Lorsqu’une émission télé reproduit ce qu’elle dénonce

Comment un individu sans histoire peut-il se transformer en tortionnaire? Quelle est l’emprise de la télévision sur les masses? La télé de demain pourrait-elle programmer la mort en direct? Les réponses que fournit à ces questions le documentaire Le jeu de la mort , diffusé le 17 mars 2010 sur France 2, sont plutôt effrayantes.

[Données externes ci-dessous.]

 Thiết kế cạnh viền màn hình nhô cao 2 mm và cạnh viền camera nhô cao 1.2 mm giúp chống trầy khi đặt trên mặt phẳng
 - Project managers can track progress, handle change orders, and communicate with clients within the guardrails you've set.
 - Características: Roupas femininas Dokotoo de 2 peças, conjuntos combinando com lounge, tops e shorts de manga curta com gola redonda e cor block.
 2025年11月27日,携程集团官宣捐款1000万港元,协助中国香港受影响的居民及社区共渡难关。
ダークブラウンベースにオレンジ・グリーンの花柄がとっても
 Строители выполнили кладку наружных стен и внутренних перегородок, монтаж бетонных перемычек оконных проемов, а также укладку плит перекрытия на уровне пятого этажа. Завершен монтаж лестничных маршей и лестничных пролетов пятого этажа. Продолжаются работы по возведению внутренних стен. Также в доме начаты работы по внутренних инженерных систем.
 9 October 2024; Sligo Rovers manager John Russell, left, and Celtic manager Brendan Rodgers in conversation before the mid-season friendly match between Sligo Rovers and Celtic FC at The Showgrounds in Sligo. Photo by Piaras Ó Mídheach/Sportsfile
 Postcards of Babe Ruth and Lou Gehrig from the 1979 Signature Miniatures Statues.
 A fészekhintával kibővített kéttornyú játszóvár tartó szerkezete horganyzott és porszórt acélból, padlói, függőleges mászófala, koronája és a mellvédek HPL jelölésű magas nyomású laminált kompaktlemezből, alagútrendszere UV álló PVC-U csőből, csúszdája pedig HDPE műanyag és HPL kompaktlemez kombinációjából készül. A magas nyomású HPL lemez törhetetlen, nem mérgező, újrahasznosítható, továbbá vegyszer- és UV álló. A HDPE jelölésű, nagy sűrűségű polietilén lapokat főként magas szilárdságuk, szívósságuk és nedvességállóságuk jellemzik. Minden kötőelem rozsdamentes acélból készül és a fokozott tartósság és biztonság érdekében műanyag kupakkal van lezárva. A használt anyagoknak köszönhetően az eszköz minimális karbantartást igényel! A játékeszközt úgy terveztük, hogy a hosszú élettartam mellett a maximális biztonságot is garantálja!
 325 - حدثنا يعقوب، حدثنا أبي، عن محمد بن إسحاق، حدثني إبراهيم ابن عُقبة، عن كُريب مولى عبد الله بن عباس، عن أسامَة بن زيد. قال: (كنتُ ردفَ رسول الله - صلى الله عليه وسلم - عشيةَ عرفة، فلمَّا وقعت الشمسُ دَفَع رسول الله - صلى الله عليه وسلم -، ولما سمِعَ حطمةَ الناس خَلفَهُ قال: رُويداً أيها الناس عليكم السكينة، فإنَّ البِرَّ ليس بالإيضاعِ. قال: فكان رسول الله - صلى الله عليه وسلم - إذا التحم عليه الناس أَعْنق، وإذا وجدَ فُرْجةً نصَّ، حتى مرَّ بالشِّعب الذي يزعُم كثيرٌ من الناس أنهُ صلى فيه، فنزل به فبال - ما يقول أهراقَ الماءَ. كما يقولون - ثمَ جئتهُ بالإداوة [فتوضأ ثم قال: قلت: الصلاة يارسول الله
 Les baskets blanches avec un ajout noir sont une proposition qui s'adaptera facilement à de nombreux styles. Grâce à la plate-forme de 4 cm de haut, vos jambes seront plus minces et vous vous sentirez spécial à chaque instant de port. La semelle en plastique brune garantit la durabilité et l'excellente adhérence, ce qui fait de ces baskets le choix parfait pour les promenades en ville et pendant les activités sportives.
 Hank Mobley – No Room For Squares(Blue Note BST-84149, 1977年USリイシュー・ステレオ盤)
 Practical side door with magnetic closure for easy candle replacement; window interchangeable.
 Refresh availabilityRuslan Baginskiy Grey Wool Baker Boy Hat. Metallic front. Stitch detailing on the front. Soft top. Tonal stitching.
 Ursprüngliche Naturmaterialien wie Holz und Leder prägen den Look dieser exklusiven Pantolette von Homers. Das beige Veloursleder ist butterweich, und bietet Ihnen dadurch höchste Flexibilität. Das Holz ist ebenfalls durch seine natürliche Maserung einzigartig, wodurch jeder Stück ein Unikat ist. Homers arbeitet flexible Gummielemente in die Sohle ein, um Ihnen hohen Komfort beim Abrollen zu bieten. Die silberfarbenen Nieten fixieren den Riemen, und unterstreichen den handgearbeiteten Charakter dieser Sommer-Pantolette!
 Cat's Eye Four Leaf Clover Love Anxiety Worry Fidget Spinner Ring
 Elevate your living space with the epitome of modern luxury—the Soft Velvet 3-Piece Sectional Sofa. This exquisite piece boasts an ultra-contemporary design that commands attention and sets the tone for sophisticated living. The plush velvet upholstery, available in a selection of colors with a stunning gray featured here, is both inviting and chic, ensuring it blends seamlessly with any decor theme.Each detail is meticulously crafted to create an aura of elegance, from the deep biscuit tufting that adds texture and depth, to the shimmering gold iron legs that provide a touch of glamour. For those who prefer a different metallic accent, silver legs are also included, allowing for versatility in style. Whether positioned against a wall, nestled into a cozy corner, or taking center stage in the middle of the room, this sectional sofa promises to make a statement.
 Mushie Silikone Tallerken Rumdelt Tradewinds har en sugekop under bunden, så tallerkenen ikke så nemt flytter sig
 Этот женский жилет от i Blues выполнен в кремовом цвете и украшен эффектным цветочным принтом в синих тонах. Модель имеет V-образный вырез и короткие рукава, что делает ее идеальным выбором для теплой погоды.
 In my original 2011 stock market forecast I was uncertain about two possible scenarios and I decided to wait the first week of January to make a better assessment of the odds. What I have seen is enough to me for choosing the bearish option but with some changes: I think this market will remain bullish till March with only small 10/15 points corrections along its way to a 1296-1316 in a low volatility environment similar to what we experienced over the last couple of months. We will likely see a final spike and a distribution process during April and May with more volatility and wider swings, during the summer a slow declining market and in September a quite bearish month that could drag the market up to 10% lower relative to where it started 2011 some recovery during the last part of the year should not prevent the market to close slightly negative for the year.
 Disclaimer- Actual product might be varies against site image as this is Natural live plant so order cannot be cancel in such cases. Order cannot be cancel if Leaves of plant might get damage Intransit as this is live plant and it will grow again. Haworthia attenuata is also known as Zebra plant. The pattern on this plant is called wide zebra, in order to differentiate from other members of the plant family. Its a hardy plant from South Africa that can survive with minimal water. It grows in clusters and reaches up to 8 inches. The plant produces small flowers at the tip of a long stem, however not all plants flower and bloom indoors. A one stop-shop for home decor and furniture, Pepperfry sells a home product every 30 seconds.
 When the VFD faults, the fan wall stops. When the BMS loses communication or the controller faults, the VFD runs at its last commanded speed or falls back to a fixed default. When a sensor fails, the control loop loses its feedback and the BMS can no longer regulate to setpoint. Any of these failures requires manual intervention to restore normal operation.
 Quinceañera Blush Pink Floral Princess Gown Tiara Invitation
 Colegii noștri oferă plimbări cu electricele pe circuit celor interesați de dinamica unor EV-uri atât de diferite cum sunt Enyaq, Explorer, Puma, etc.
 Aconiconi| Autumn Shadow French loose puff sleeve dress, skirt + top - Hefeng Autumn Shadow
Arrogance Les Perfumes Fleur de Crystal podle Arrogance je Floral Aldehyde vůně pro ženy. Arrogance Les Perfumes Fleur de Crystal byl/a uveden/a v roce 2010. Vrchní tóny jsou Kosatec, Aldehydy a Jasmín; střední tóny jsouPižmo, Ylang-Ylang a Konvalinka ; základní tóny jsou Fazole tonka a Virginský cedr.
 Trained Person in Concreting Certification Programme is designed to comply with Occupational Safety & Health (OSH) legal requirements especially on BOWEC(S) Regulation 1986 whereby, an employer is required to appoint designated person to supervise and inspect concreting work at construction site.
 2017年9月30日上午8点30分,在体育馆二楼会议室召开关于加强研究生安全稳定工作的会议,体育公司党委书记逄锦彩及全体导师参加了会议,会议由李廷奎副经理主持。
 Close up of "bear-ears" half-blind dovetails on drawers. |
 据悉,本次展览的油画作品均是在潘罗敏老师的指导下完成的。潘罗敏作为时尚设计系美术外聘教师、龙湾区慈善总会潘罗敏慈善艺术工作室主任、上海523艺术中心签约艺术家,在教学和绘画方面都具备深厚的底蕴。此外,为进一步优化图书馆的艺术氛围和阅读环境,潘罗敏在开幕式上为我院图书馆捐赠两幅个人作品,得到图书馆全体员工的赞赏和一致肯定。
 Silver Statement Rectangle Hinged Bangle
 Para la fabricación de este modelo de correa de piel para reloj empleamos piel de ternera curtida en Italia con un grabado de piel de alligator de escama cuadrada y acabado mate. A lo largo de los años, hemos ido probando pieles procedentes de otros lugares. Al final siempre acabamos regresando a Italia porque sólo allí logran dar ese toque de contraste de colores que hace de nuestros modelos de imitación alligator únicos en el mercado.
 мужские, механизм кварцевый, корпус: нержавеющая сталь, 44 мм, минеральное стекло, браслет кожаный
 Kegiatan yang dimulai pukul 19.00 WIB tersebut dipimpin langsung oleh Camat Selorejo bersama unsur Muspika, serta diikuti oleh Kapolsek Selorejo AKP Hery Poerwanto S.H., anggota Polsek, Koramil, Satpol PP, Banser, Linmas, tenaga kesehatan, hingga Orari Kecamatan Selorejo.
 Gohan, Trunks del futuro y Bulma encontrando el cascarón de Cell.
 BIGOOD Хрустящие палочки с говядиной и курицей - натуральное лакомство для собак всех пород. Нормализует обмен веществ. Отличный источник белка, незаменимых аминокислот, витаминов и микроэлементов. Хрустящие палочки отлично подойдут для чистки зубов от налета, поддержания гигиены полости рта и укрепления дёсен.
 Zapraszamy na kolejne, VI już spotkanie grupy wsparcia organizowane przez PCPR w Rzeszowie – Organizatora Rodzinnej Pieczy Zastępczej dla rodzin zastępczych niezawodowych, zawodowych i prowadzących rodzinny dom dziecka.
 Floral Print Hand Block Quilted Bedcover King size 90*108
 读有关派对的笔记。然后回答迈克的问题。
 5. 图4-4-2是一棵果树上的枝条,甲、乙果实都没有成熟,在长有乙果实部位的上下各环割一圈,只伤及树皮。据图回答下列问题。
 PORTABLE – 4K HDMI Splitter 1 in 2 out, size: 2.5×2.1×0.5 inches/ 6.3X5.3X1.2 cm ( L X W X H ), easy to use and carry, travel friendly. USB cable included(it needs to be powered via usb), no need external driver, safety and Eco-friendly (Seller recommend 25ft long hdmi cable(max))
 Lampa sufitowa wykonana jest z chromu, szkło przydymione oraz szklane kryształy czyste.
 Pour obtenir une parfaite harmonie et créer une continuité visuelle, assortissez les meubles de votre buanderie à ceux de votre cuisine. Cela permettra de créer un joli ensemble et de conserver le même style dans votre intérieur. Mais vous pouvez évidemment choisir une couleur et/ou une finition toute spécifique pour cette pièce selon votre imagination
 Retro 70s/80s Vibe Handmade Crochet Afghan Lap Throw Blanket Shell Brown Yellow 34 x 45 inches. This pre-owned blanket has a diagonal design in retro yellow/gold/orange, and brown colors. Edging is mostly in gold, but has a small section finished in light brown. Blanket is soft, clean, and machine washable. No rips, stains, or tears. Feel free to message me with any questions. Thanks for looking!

Croyant participer à la mise au point d’un jeu télévisé, La zone Xtrême, 80 personnes ont en fait été les cobayes d’une expérience mise au point par une équipe de scientifiques et coproduite par France Télévisions et la Radio Télévision Suisse. Elles ont administré des décharges électriques de plus en plus intenses à un autre candidat à chaque fois qu’il ne fournissait pas la bonne réponse à leurs questions. L'immense majorité les participants sont allés jusqu’à infliger à leur victime des décharges de 460 volts, au risque de provoquer la mort ou à tout le moins des lésions irréversibles. Évidemment, l’émission était truquée, le candidat (un acteur) ne recevait aucune décharge. Pour les expérimentateurs, il s’agissait de reproduire en l’adaptant au contexte télévisuel l’expérience menée par Stanley Milgram à l’Université de Yale dans les années 60, expérience ayant pour but de mesurer le degré d’obéissance d’un individu face à une autorité reconnue comme légitime. Croyant participer à une expérience scientifique sur la mémoire, 62% des sujets sélectionnés avaient alors administré des décharges maximales pouvant provoquer un choc dangereux, voire mortel. Dans le cas du jeu télévisé, 81 % des candidats questionneurs sont allés jusqu’au bout. Bien sûr, une partie importante d’entre eux, devant la souffrance simulée du questionné, ont contesté l’autorité à un moment ou un autre et témoigné de leur malaise, mais seuls 19% ont eu la force de désobéir et de quitter le jeu.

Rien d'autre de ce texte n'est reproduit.